◆ TASK DIRECTIONS:
Nothing in the listing should be altered when it is copied, and no picture goes into the copy.
——
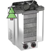 Эргономичная, стильная и функциональная электрокаменка CUMULUS CML-90NB-P от компании SAWO станет настоящей находкой для парных помещений объёмом 8-14 метров кубических. Печь устанавливается навесным способом на стену. Основным материалом для производства финские инженеры избрали устойчивую к коррозии высококачественную нержавеющую сталь. Материал обеспечивает не только длительный срок эксплуатации, но и достойный внешний вид электрокаменки. Особой изюминкой печи CUMULUS CML-90NB-P является облицовка из талькохлорита фронтальной части печи. Сверху печь имеет 2 арома чаши из натурального камня, что непременно оценят любители ароматерапии. Электрокаменка вмещает в себя до 22 кг камней, которые вместе с талькохлоритной облицовкой массой 10 кг ускоряют прогрев сауны и снижают расход электроэнергии на поддержание нужной температуры воздуха. Подливая на камни воду или отвар из трав, вы быстро наполните парную большим количеством лёгкого мелкодисперсного пара. Управление SAWO CUMULUS CML-90NB-P осуществляется при помощи встроенной в нижнюю часть каменки панели управления.
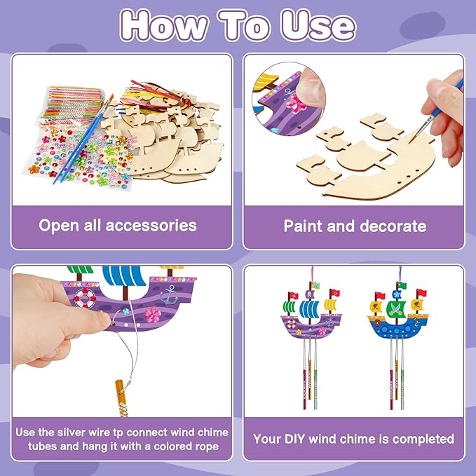 - Great Ideas For Craft Lovers Gifts:DIY wooden pirates ship wind chimes is a great gift idea for summer parties, spring parties, Fall parties ,Easter, Mother's Day, Children's Day, Christmas or other holidays.it is also a good pirates ship theme craft Kits for Kids boys girls.And widely used for decoration of homes, gardens, windows, doors, classrooms, etc.
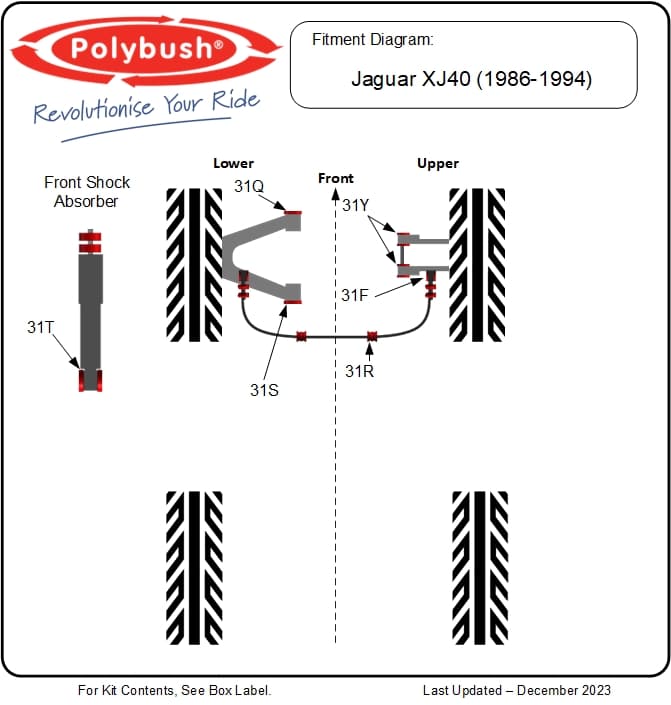 Enhance the performance and comfort of your Jaguar XJ40 with precision-engineered polyurethane suspension bushes from Polybush. Whether you’re replacing tired rubber components or restoring classic handling, our bushes offer a long-lasting, direct-fit solution for both front and rear suspension systems.
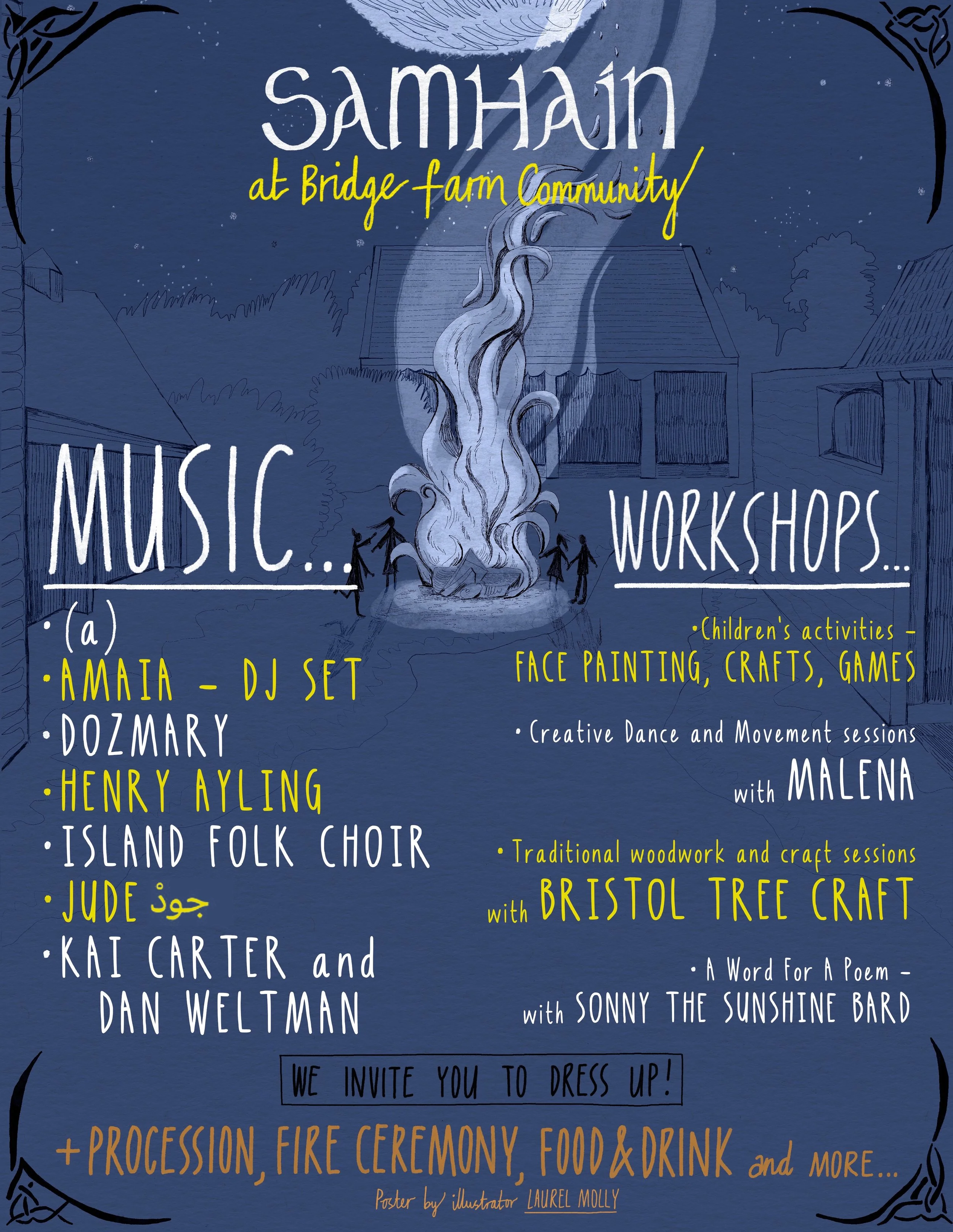 I have been working with Bridge Farm Community to design posters for their seasonal events and music, including my own workshops.
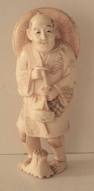 Figure with a satchel, in ivory, Japan, circa 1930 / 1940 - Height : 10,5 cm
——
◆ SOLUTION:
 Эргономичная, стильная и функциональная электрокаменка CUMULUS CML-90NB-P от компании SAWO станет настоящей находкой для парных помещений объёмом 8-14 метров кубических. Печь устанавливается навесным способом на стену. Основным материалом для производства финские инженеры избрали устойчивую к коррозии высококачественную нержавеющую сталь. Материал обеспечивает не только длительный срок эксплуатации, но и достойный внешний вид электрокаменки. Особой изюминкой печи CUMULUS CML-90NB-P является облицовка из талькохлорита фронтальной части печи. Сверху печь имеет 2 арома чаши из натурального камня, что непременно оценят любители ароматерапии. Электрокаменка вмещает в себя до 22 кг камней, которые вместе с талькохлоритной облицовкой массой 10 кг ускоряют прогрев сауны и снижают расход электроэнергии на поддержание нужной температуры воздуха. Подливая на камни воду или отвар из трав, вы быстро наполните парную большим количеством лёгкого мелкодисперсного пара. Управление SAWO CUMULUS CML-90NB-P осуществляется при помощи встроенной в нижнюю часть каменки панели управления.
 - Great Ideas For Craft Lovers Gifts:DIY wooden pirates ship wind chimes is a great gift idea for summer parties, spring parties, Fall parties ,Easter, Mother's Day, Children's Day, Christmas or other holidays.it is also a good pirates ship theme craft Kits for Kids boys girls.And widely used for decoration of homes, gardens, windows, doors, classrooms, etc.
 Enhance the performance and comfort of your Jaguar XJ40 with precision-engineered polyurethane suspension bushes from Polybush. Whether you’re replacing tired rubber components or restoring classic handling, our bushes offer a long-lasting, direct-fit solution for both front and rear suspension systems.
 I have been working with Bridge Farm Community to design posters for their seasonal events and music, including my own workshops.
 Figure with a satchel, in ivory, Japan, circa 1930 / 1940 - Height : 10,5 cm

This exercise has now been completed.